ME? Fix, (don't use stop) left-over dev is puored off into a 5-gallon bucket. and sits there. Usually evaporates within a week or so. Ailver left over? Never looked. Maybe I should. Perhaps I could retire :rolleyes: . Rinse is 20 gallon recycle through carbon filtered waterfall system.

Dirk Rösler
26-Oct-2007, 16:11
Thanks for comments, all.

jnantz
26-Oct-2007, 20:21
hi dirk:

i just have a waste hauler take away my spent photochemicals.
it doesn't cost very much money, and i feel better than turning a blind
eye to dumping it down the drain or ...

polished copper works well as an ionic transfer if you go that route ..
and you can probably get it from a hardware store (copper flashing ) ....

good luck!

john

Randy H
26-Oct-2007, 21:13
John, just a wild-a** thought here. Using the copper flashing as the transfer piece. Have you tried this? AND, would it retain enough of the silver to be re-polished and used as a photo-plate? IF it did, you could almost cut the copper to size before placing in solution. Hmmmm. I'll have to think on that one a while.

jnantz
26-Oct-2007, 21:52
John, just a wild-a** thought here. Using the copper flashing as the transfer piece. Have you tried this? AND, would it retain enough of the silver to be re-polished and used as a photo-plate? IF it did, you could almost cut the copper to size before placing in solution. Hmmmm. I'll have to think on that one a while.

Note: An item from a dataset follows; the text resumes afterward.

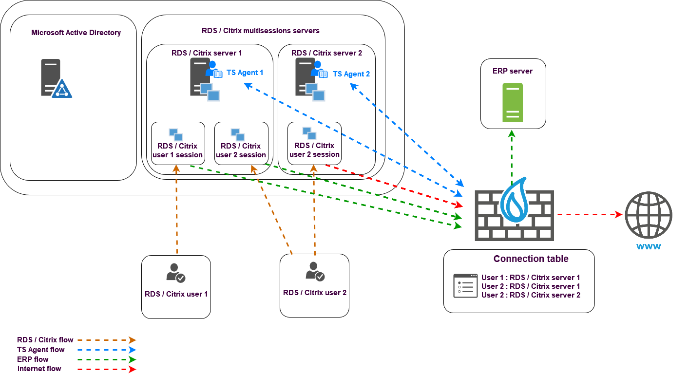 Cette méthode repose sur des échanges entre un service dédié présent sur le firewall SNS (service TSD) et des agents (Agents TS) déployés sur des serveurs Citrix Virtual Apps and Desktops ou Microsoft Remote Desktop Services (RDS).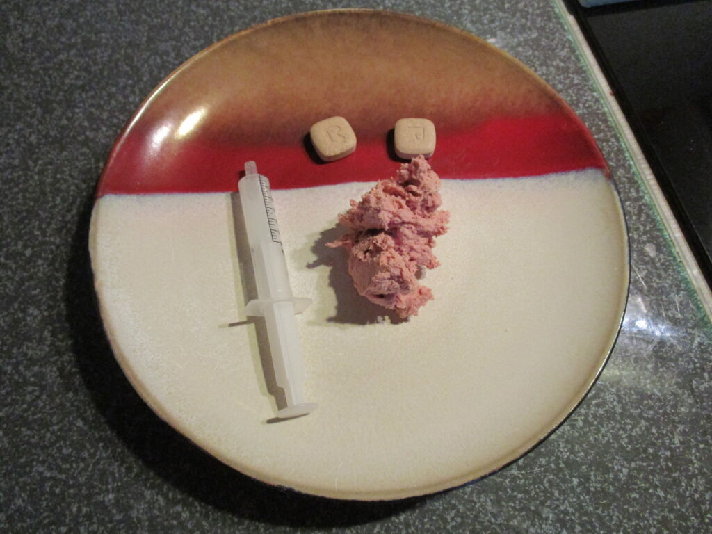 Nukkas tägliches Frühstück. Entzündungshemmer, Schmerzmittel, und pulverisiertes Antibiotika … versteckt in der Leberpastete. Am Abend kriegt sie nur das Antibiotika in der Pastete.

before i started to use a waste hauler, i would polish a piece of copper ( to get copper ions "free")
and plate the silver out. did this for close to 10 years ...
it works well, but after you plate the black silver sludge out of solution, you still have to "deal" with that stuff.
dumping it in the trash is as bad as down the drain, and unfortunately
using a blow torch / crucible to purify the silver, yields nasty/ toxic fumes,
i have heard household bleach will also do the trick, but i fear the unknown,
so in the end it is easier to let the waste hauler take it all for 100$USD/few years, and have a clear conscience ...

Oren Grad
27-Oct-2007, 09:21
Dirk, if you can figure out the right power adapter, you might try one of these:

http://porters.com/Merchant2/merchant.mvc?Screen=PROD&Store_Code=PCS&Product_Code=221063&Product_Count=&Category_Code=

SamReeves
27-Oct-2007, 09:45
Usually your local garbage company will take the hazardous chems and dispose of them at their business site.

Randy H
27-Oct-2007, 10:48
Usually your local garbage company will take the hazardous chems and dispose of them at their business site.

Only in California. :rolleyes:

Dirk Rösler
28-Oct-2007, 18:28
Dirk, if you can figure out the right power adapter, you might try one of these:

http://porters.com/Merchant2/merchant.mvc?Screen=PROD&Store_Code=PCS&Product_Code=221063&Product_Count=&Category_Code=

Hi Oren, thanks. Pretty cool and inexpensive. Japan has pretty much the same mains power as the US, so an adapter may not even be needed.